Both companies drill in oil- and gas-rich shale formations, which are also found in a number of other states, including Texas, North Dakota and Pennsylvania. During the “shale boom” starting in 2014, many operators borrowed heavily to boost production. By 2019, the United States was the biggest oil producer in the world, churning out 13 million barrels a day.

Shale drillers, however, were running red ink and not returning cash and dividends to investors. In 2020, the combination of plunging oil prices and the COVID-19 pandemic led to a rash of bankruptcies and mergers across the nation’s shale fields.

“Consolidation isn’t unique by any means to the DJ, but the DJ is ripe for consolidation,” said Matthew Hagerty, an industry analyst with BTU Analytics.

In April, Bonanza Creek completed the $376 million acquisition of another Colorado driller, HighPoint Resources, which had slipped into bankruptcy.

In June, Extraction also filed for Chapter 11 bankruptcy reorganization, emerging from it in January.

“Extraction was a natural candidate for consolidation in the DJ Basin following its emergence from Chapter 11,” Andrew Dittmar, a merger-and-acquisition analyst at Enverus. 

The fact that Extraction was able to shed some debt during the bankruptcy proceedings is one of the things that made it attractive, Dittmar said.

“We expect this business to be a cash-flow machine … returning a meaningful amount of that cash to our shareholders,” Greager told the financial analysts.

Bonanza Creek’s acreage is mostly on the eastern side of the DJ Basin, in more-rural areas. Extraction’s holdings are in the urban-suburban corridor on the western side of the basin, which is more densely populated but where Greager said there is higher-quality reservoir rock. 

In addition to its pledge to be a net-zero emission operator, Civitas said it will seek independent certifications for facility engineering to reduce environmental impacts and for responsibly sourced gas. It will also convert its fleet to electric vehicles.

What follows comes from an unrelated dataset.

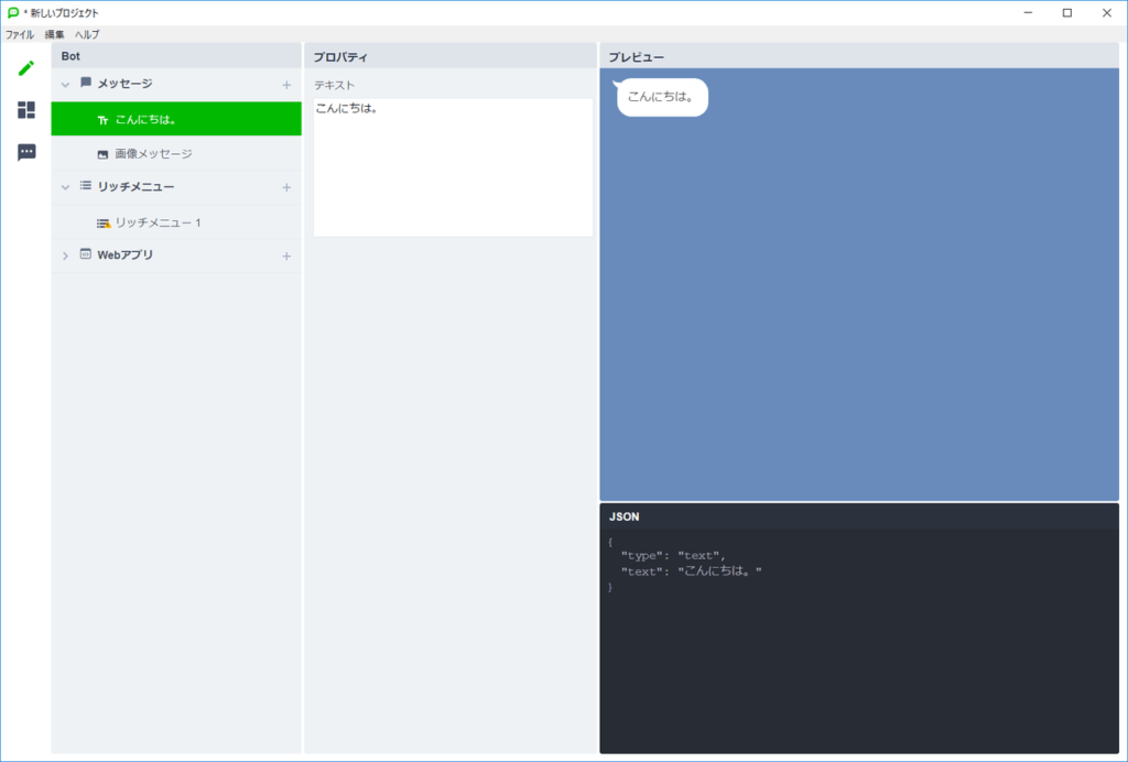 ここで作成したメッセージのJSONコードは実際にBotを開発する事に利用できます。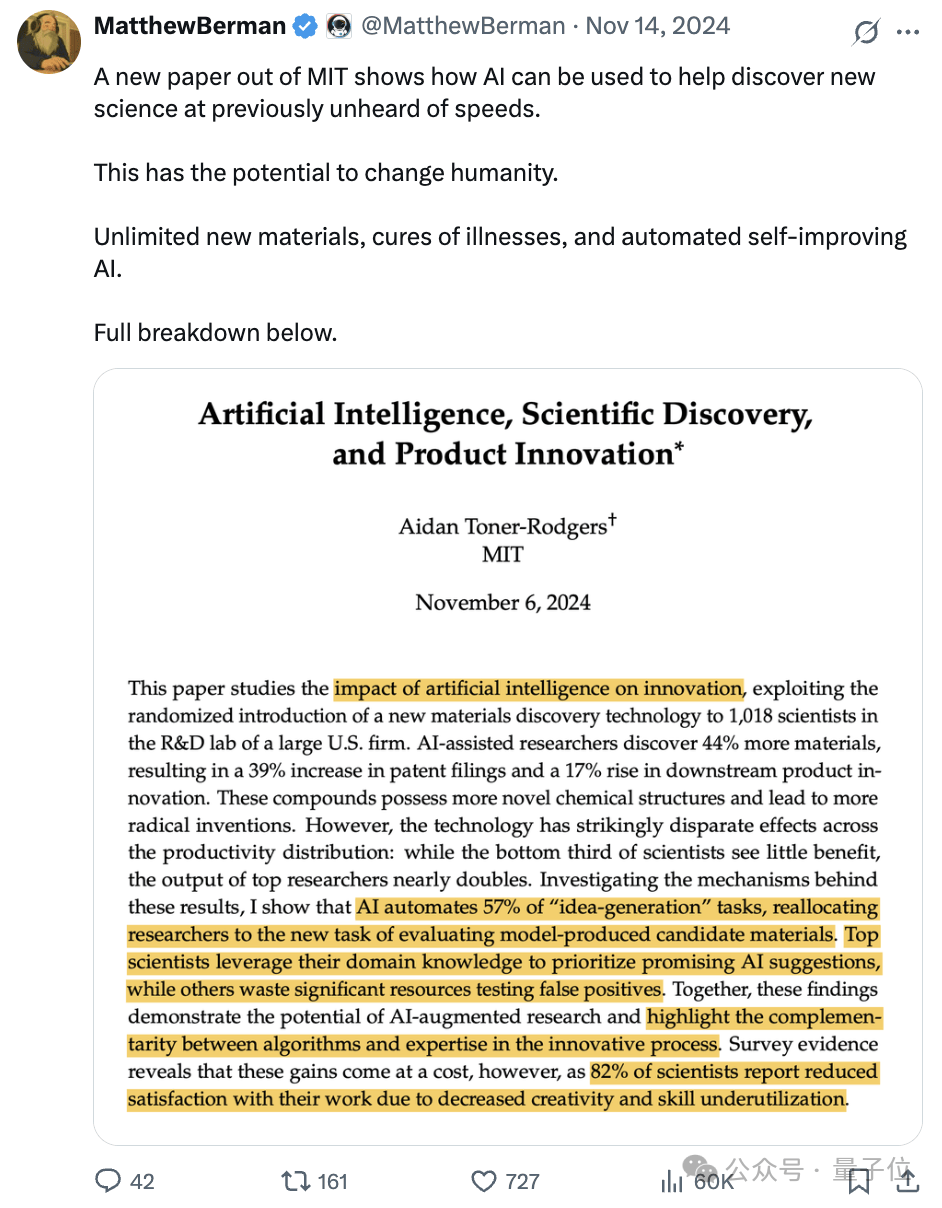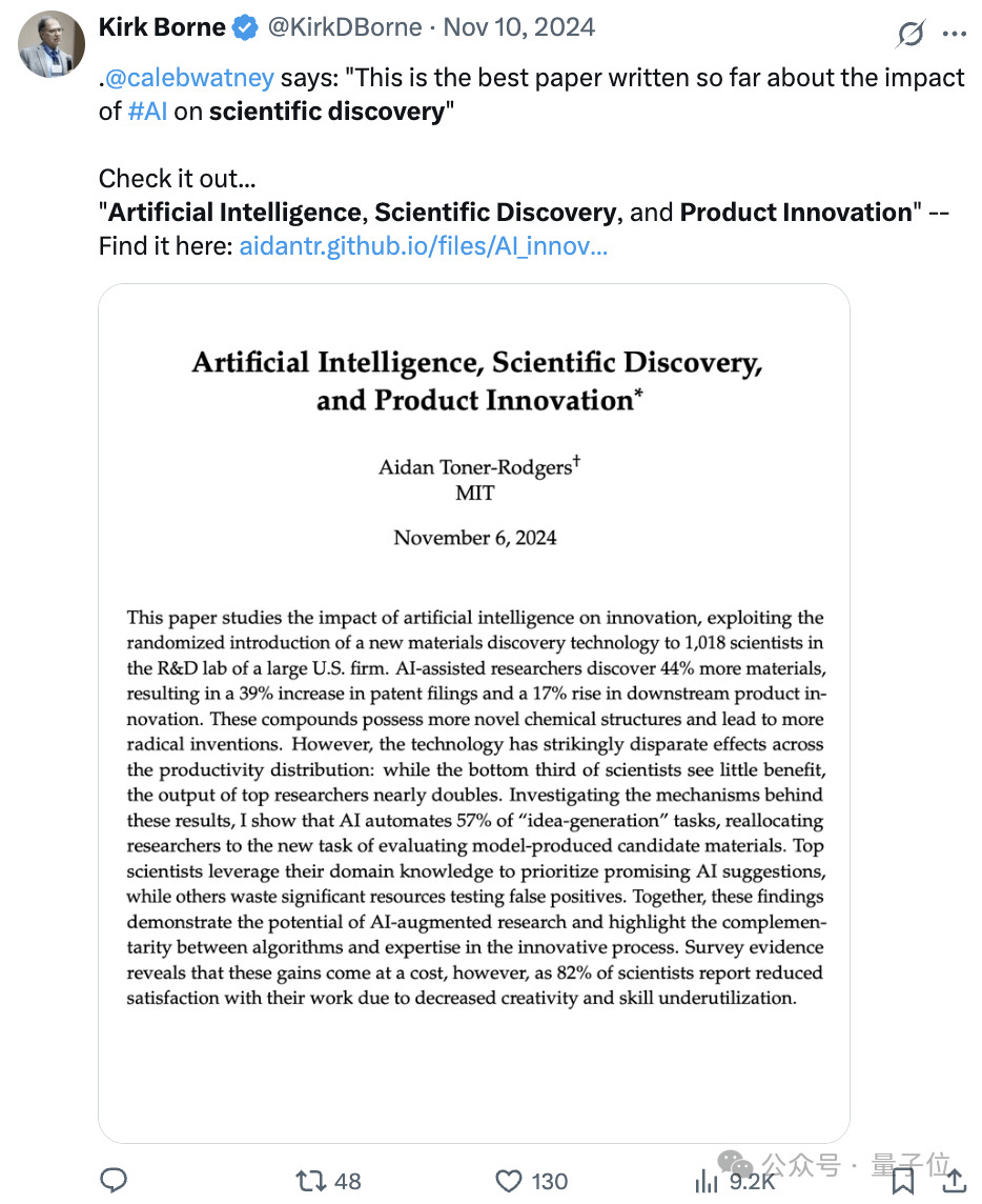 还有人将其称作是「迄今为止关于AI对科学发现影响的最佳论文」。

“There has been a push by investors on the environment and operators have doubled down on it quarter after quarter, especially after (Joe) Biden was elected,” Hagerty said. “It remains to be seen what it means.”

Under the terms of the deal, Bonanza Creek and Extraction shareholders will exchange their shares for ones in Civitas that will give each side 50% of the new company.

There are not many publicly traded companies left for acquisition in the DJ Basin, Dittmar said, but there are still private companies and oil and gas acreage to be obtained.

“The new Civitas Resources is placing itself in the driver’s seat for this type of consolidation,” Dittmar said.